NARAKITA, JAKARTA – Menteri Kesehatan Budi Gunadi Sadikin kini menghadapi tekanan politik dan publik yang makin menguat. Serangkaian pernyataan dan kebijakan kontroversial telah menempatkan posisinya dalam situasi krisis, hingga muncul tuntutan terbuka agar Presiden Prabowo Subianto segera mencopotnya dari jabatan Menkes.
Sorotan tajam datang dari kalangan akademisi kedokteran sendiri. Ketua Ikatan Alumni FKUI, Wawan Mulyawan, secara tegas meminta Presiden mengambil langkah tegas mengganti Menkes yang dianggap telah melewati batas. Seruan ini disampaikan langsung di Gedung FKUI Salemba, Jakarta, dan menjadi isyarat keras bahwa kepercayaan dari komunitas medis terhadap Budi telah menipis.
Rentetan kontroversi bermula dari pernyataan Budi yang dinilai menunjukkan loyalitas pribadi di luar garis konstitusi. Saat berkunjung ke rumah Presiden ke-7 Joko Widodo, ia menyebut Jokowi masih sebagai “bosnya”, meski kini ia secara resmi menjabat di bawah pemerintahan Presiden Prabowo. Ucapan itu dianggap tidak etis dan menciptakan kebingungan publik terhadap struktur pemerintahan.

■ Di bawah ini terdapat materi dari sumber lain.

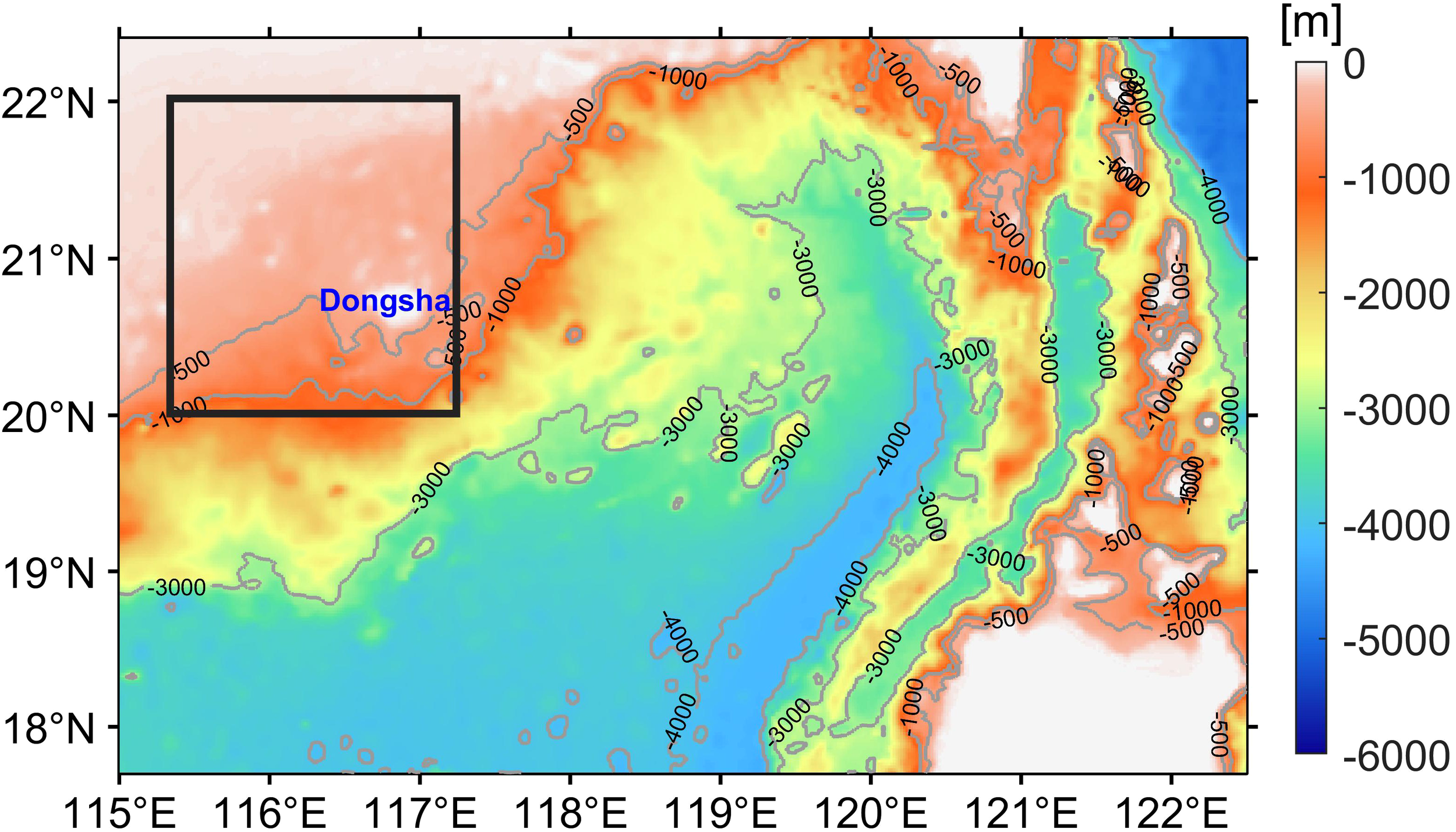 The South China Sea is known as one of the areas where internal waves are widespread and most of them are caused by tides. In order to study the oblique wave-wave interactions and their impacts in the South China Sea, we carry out a three-dimensional high-resolution simulation of the South China Sea using the MITgcm model, which uses the non-hydrostatic approximation. The simulated area is 115°E-122.5°E, 17.7°N-22.4°N (Figure 2). We use a Cartesian coordinate system in the horizontal directions and z-coordinate in the vertical direction. Since the propagation direction of internal waves in the northern South China Sea is mostly westward or north-westward (Guo et al., 2021) and save resources as much as possible on the basis of satisfying the accuracy, the grid resolution is set to be 500m in the x-direction (East-West direction) and 1000m in the y-direction (North-South direction). In the vertical direction, we use non-uniform grids with a dense grids in the upper ocean and sparse grids in the deep ocean. There are 147 layers in the vertical direction, and the total water depth of the model is set to be 5200m. The layer depth gradually transitions from 1m near the surface to 300m near the bottom. The total number of grid points is 1485×504×147. The topographic data is selected from the GEBCO2020 dataset with a resolution of 1/120°×1/120° (Figure 2), which is interpolated onto the selected grid. To ensure the stability of the model, the minimum water depth of the model is set to 10 m. The viscosity coefficients in the horizontal and vertical directions are uniformly 1.0×10−3 m2/s and 1.0×10−6 m2/s, respectively. The Nonlocal K-Profile Parameterization (KPP) scheme of Large et al. (1994) is used for vertical mixing.

Tak lama setelah itu, Budi kembali menjadi sorotan dalam forum “Double Check” di Jakarta. Dalam pernyataannya, ia menyebut bahwa orang dengan penghasilan Rp15 juta per bulan lebih sehat dan lebih cerdas dibanding mereka yang bergaji Rp5 juta. Pernyataan itu dianggap merendahkan dan mengabaikan fakta sosial, di mana akses terhadap kesehatan sering kali tidak berbanding lurus dengan besarnya pendapatan.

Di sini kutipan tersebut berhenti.